Only the ones that don't know any better.  I've seen awesome first degree black belts that know the entire system and terrible 7th degree black belts that can't do forms that show up on 2nd Black


----------



## youngbraveheart (Feb 7, 2007)

My bachelor's degree is in architecture, so I have been exposed to art in one form or another. After seeing some of Mr. Parker's artwork and hearing him tell me that he is an artist and *ART* is his passion impressed me a lot because of his honesty and humility. This left more of an impression than someone who might say that martial arts was their life passion. Also, Mr. Parker's support of The Professor William KS Chow Memorial Seminar (hosted by Master Bill Chun Jr.) by being there showed me that he is one of the "nice guys."  The beautiful memorial plaque will be presented to the YMCA in Hawaii in memory of Professor Chow. Mr. Parker said that he would fly himself out there to be a part of that.

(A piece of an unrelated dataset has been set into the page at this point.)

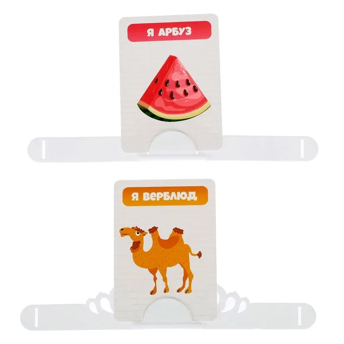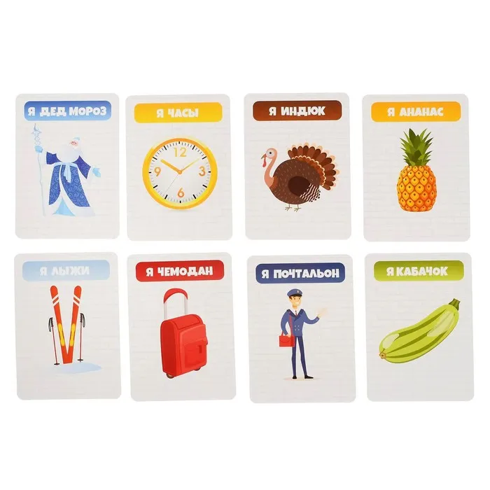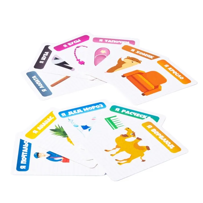 Правила игры: 1. Перемешайте карточки и выложите на стол рисунками вниз. Вытяните случайную карту и поместите на диадемку-держатель. 2. Переверните песочные часы и начните задавать вопросы, на которые можно ответить «да» или «нет». 3. Если справились за минуту – возьмите новую карточку. Ход переходит к следующему участнику. 4. Игра идет, пока не закончатся все карточки. Победителем признается участник, собравший больше всех карточек.

(_For those of you who couldn't attend, you missed seeing the second generations of martial artists representing their fathers: Bill Chun Jr., Ed Parker Jr., and Thomas Mitose.  I got to see them all in one room - Master Chun's parlor suite on Friday night before the seminar, including Grandmaster Emil Bautista, Grandmaster Joe Davis, Professor Sean Kelley, Master Wilfrid Peladeau, Sigung Rob Peladeau, Sensei Brian Peladeau, and Bobby Carreon_.)


----------



## Tames D (Feb 7, 2007)

Kenpojujitsu3 said:


> Only the ones that don't know any better. I've seen awesome first degree black belts that know the entire system and terrible 7th degree black belts that can't do forms that show up on 2nd Black


Your absolutely right. But let me ask you a question: Do you think of your accomplishments as 'just cloth and paper'?


----------



## kidswarrior (Feb 7, 2007)

Ceicei said:


> He wore a black belt (at his seminar held at my studio a couple of years ago). That's all that matters to me. His knowledge of Kenpo is awesome. *His humility is evident*. He doesn't seem to desire to show his dan rank. Nothing wrong with that.... *The difference between dans tend to blur more as the years go by and measurement of knowledge above first black is not as clear cut as with the colored belts.* *The mark of a BB is evident in the way of conduct and motion*, not just by the number and width of the stripes.
> 
> - Ceicei


 
Niiiice!!


----------



## Kenpodoc (Feb 7, 2007)

QUI-GON said:


> Your absolutely right. But let me ask you a question: Do you think of your accomplishments as 'just cloth and paper'?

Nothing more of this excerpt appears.